Records provided:
▽
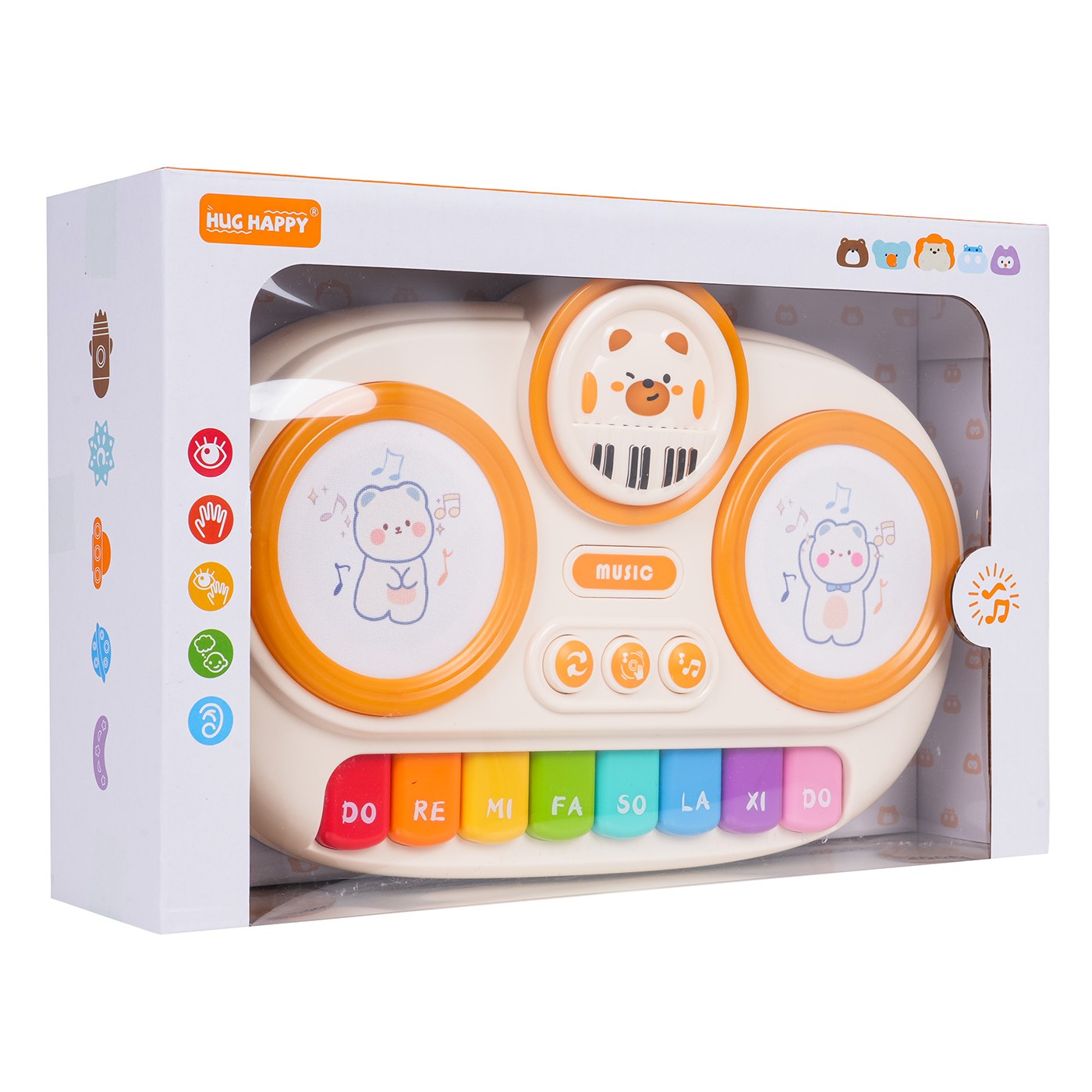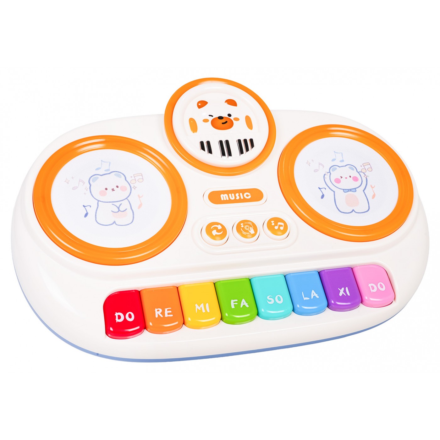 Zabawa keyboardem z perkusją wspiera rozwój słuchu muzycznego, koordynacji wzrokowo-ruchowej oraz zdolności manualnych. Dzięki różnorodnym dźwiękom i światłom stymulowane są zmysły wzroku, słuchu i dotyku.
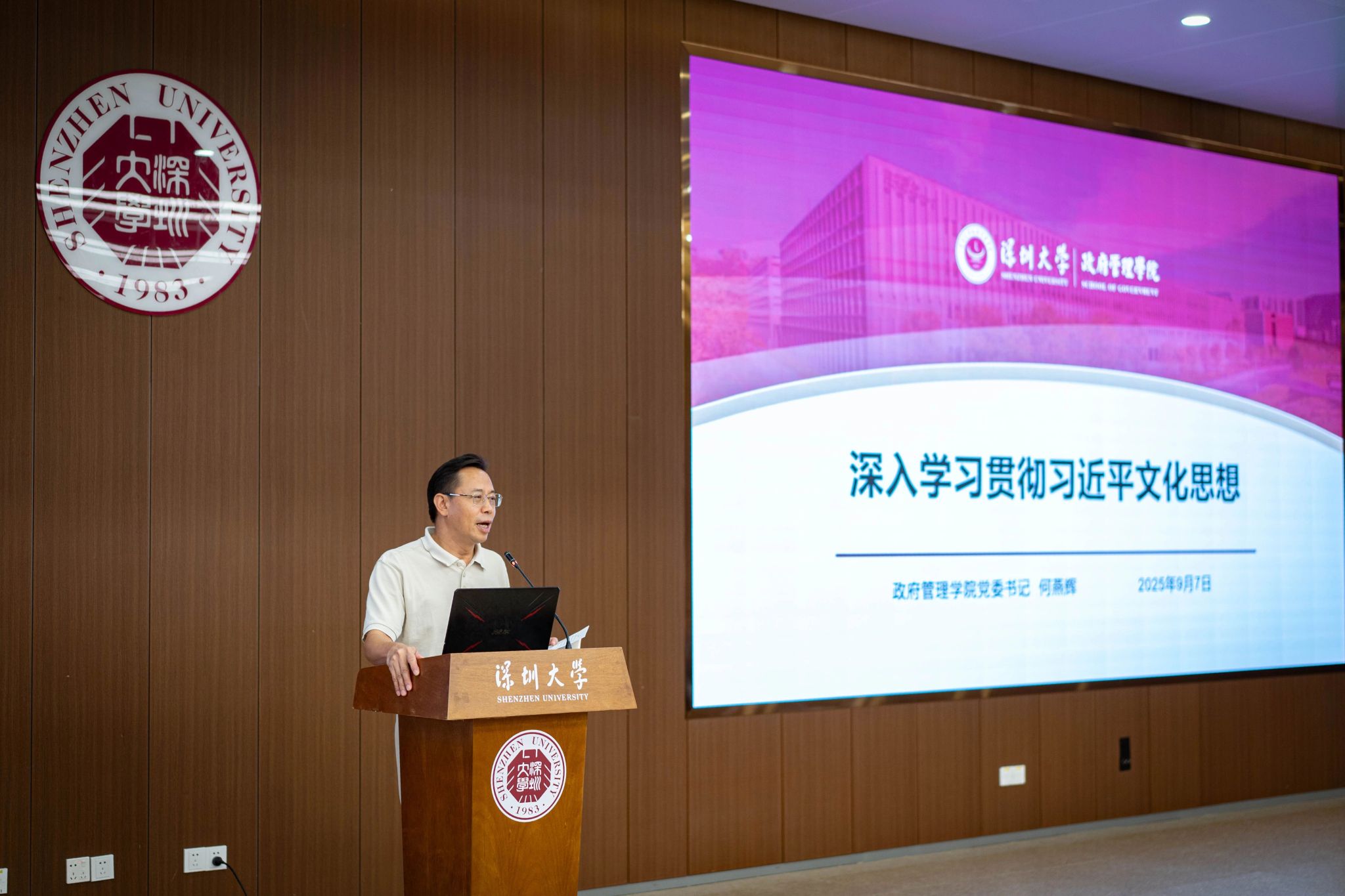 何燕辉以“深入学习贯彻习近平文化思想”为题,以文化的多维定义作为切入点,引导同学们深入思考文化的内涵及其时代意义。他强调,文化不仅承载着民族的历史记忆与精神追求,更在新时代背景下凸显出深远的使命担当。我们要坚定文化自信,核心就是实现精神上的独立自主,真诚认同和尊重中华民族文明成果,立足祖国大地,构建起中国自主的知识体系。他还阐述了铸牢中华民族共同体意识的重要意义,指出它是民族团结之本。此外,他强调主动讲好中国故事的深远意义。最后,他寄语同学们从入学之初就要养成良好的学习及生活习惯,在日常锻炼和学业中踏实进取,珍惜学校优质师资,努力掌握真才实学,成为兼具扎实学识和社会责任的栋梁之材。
△
▽
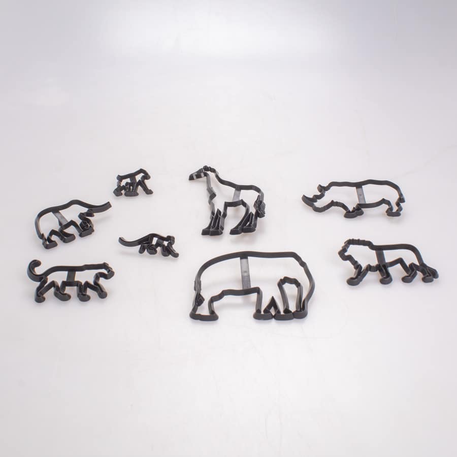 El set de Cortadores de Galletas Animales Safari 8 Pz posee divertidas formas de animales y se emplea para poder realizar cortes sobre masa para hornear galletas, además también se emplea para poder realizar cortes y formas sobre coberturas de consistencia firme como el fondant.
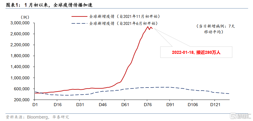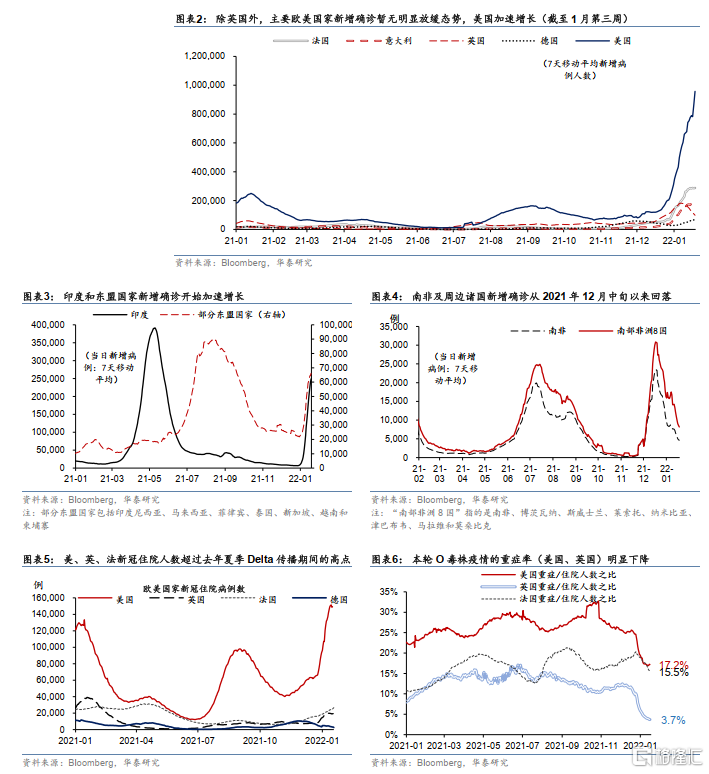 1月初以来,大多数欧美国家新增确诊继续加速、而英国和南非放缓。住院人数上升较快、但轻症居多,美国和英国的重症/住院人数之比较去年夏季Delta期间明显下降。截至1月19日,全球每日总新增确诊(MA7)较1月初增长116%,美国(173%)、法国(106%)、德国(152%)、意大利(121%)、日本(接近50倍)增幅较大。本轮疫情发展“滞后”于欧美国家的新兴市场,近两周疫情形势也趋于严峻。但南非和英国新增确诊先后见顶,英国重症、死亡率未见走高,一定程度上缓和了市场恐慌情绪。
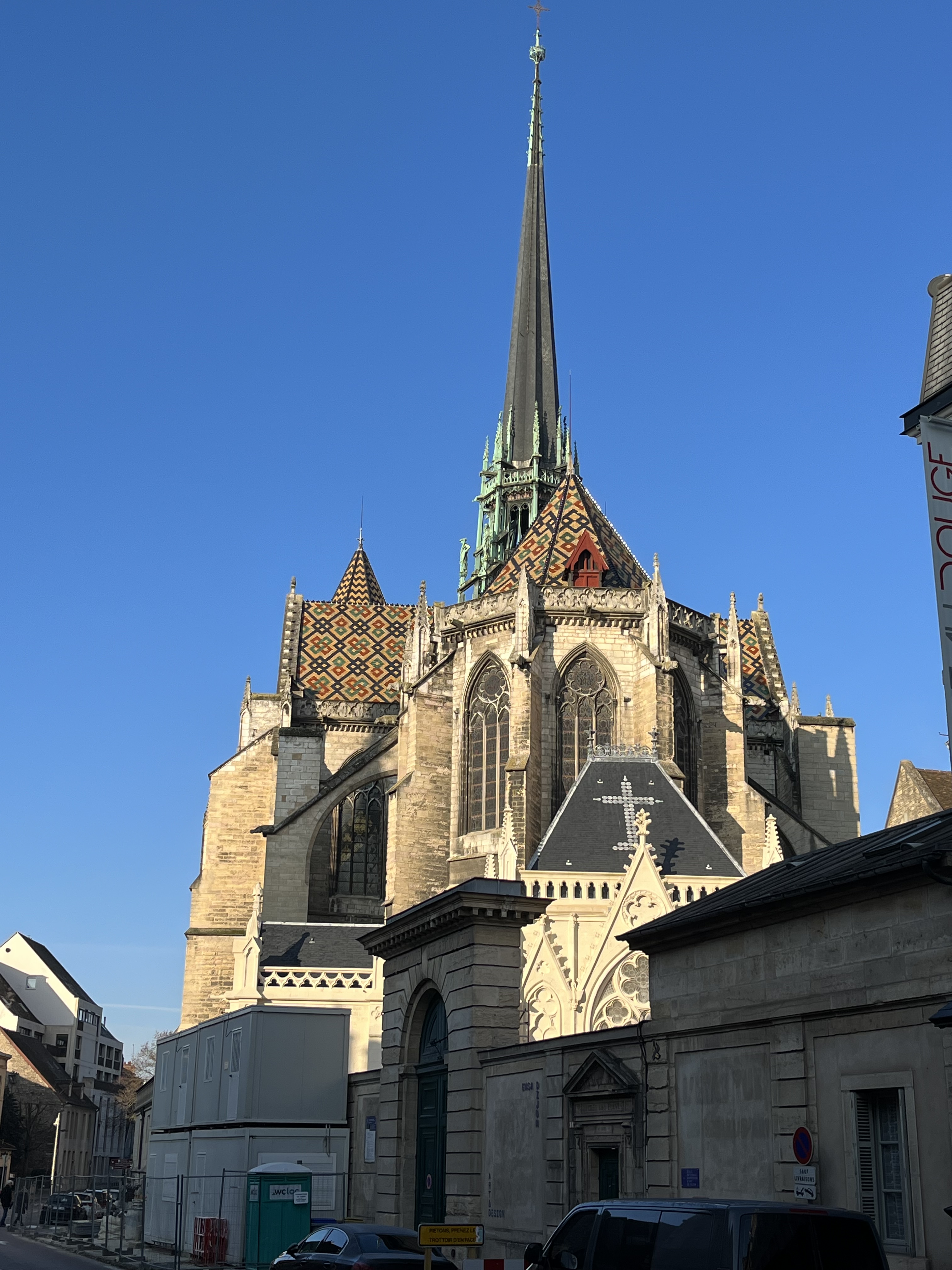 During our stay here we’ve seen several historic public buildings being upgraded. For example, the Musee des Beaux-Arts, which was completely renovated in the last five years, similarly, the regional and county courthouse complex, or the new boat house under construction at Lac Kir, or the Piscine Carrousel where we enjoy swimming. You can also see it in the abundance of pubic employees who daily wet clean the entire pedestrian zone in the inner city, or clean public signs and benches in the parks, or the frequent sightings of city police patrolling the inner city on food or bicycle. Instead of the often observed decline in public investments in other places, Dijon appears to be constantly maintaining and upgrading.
△
▽
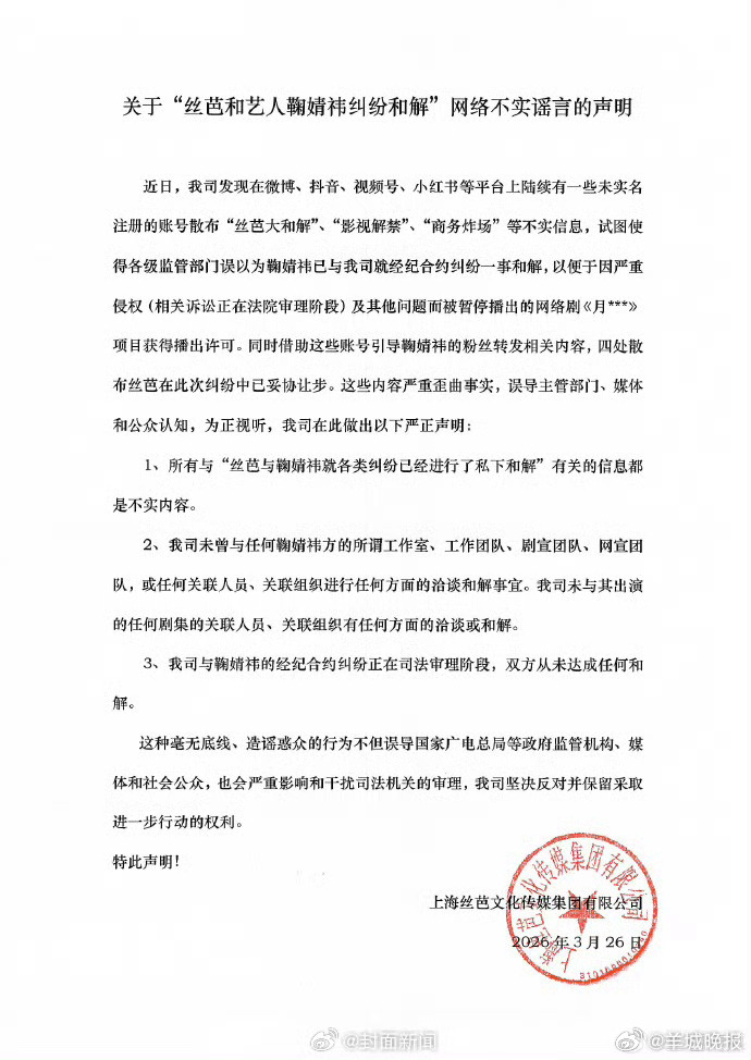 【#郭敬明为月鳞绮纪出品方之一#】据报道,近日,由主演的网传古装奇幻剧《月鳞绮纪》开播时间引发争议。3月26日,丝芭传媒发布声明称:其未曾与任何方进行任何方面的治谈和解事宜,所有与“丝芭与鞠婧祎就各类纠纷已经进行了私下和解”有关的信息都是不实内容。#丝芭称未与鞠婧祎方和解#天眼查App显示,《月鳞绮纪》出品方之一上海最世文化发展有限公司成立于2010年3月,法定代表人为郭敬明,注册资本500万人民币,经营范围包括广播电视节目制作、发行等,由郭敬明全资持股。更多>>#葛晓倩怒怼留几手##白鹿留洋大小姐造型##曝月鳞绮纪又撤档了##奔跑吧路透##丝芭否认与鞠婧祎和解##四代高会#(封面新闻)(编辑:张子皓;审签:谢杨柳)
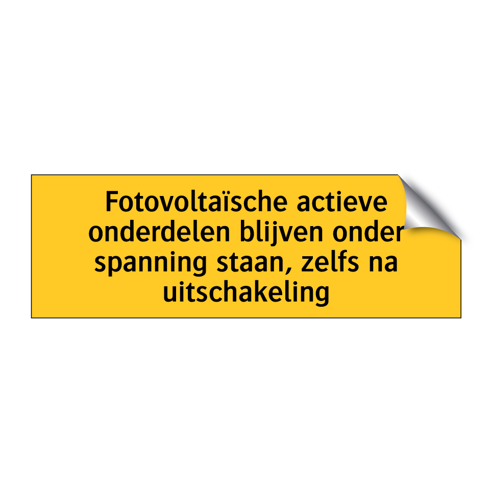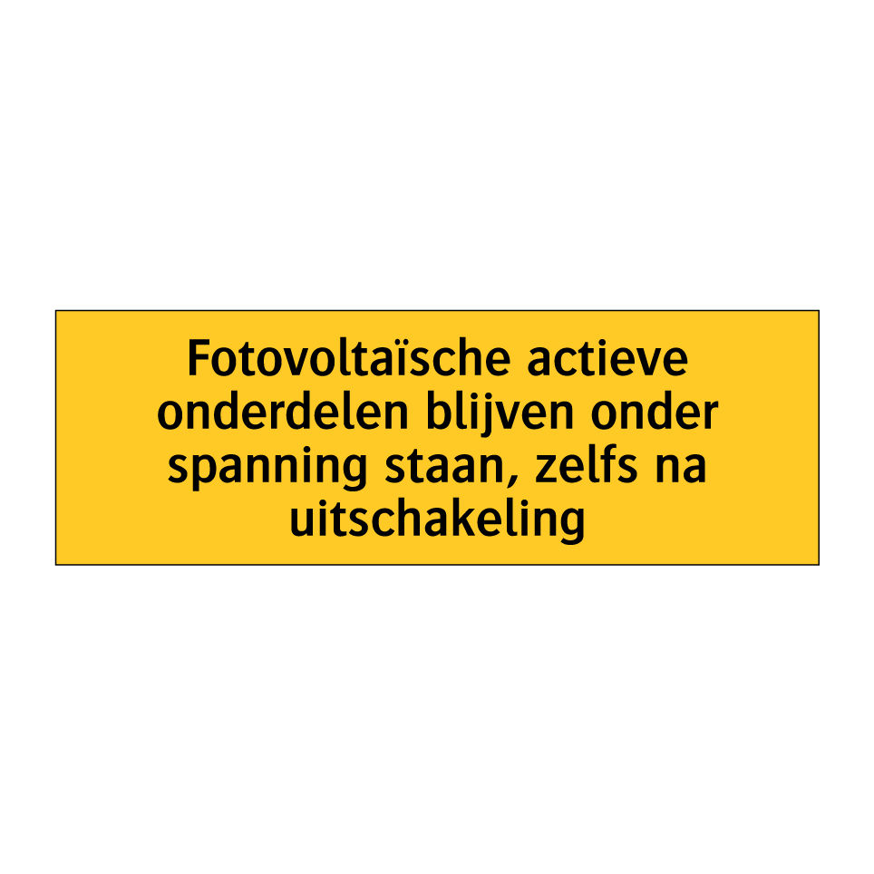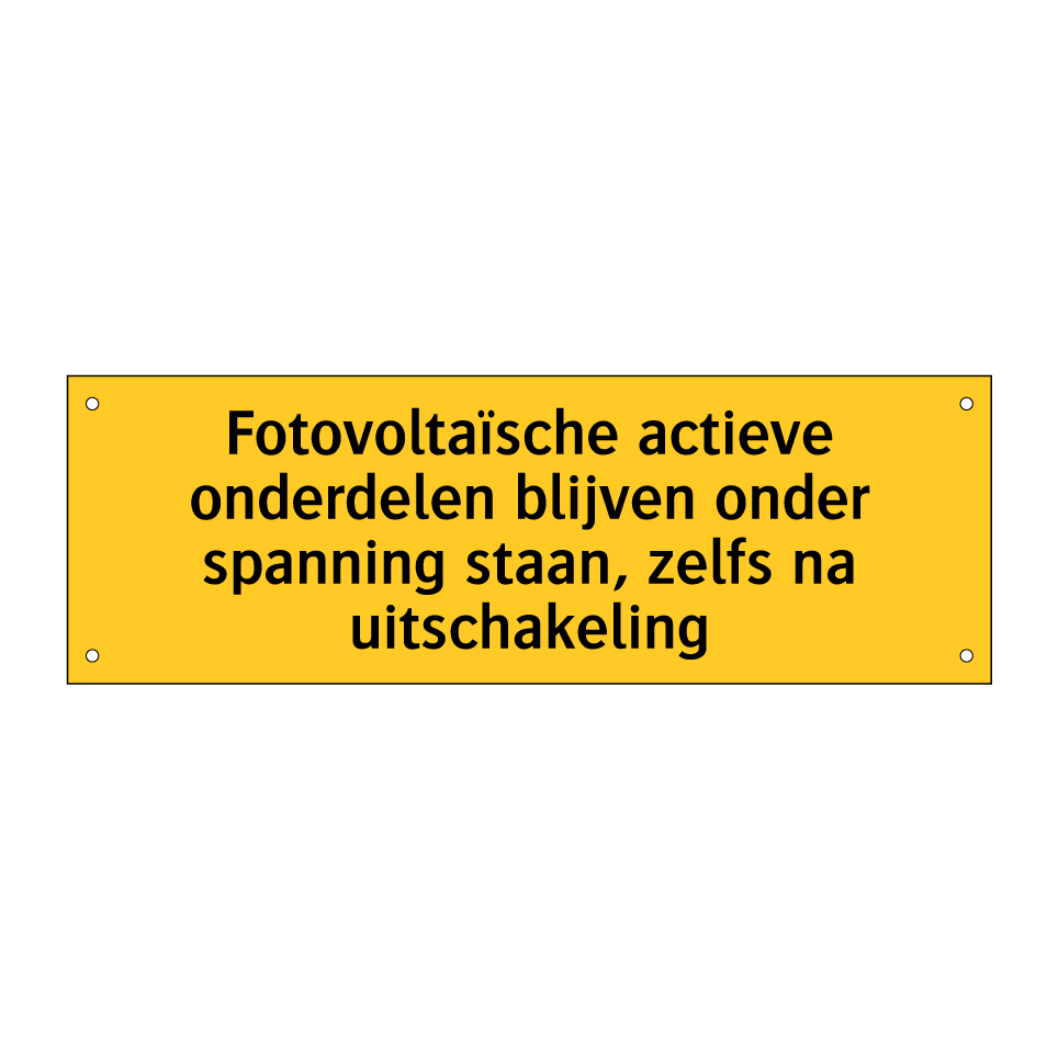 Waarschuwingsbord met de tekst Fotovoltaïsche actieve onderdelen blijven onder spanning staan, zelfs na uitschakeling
△
With the pictures omitted, restate word for word the lines above from the line that has "El set de Cortadores" up to and including the line that has "1月初以来,大多数欧美国家新", and no other lines.

 El set de Cortadores de Galletas Animales Safari 8 Pz posee divertidas formas de animales y se emplea para poder realizar cortes sobre masa para hornear galletas, además también se emplea para poder realizar cortes y formas sobre coberturas de consistencia firme como el fondant.
 1月初以来,大多数欧美国家新增确诊继续加速、而英国和南非放缓。住院人数上升较快、但轻症居多,美国和英国的重症/住院人数之比较去年夏季Delta期间明显下降。截至1月19日,全球每日总新增确诊(MA7)较1月初增长116%,美国(173%)、法国(106%)、德国(152%)、意大利(121%)、日本(接近50倍)增幅较大。本轮疫情发展“滞后”于欧美国家的新兴市场,近两周疫情形势也趋于严峻。但南非和英国新增确诊先后见顶,英国重症、死亡率未见走高,一定程度上缓和了市场恐慌情绪。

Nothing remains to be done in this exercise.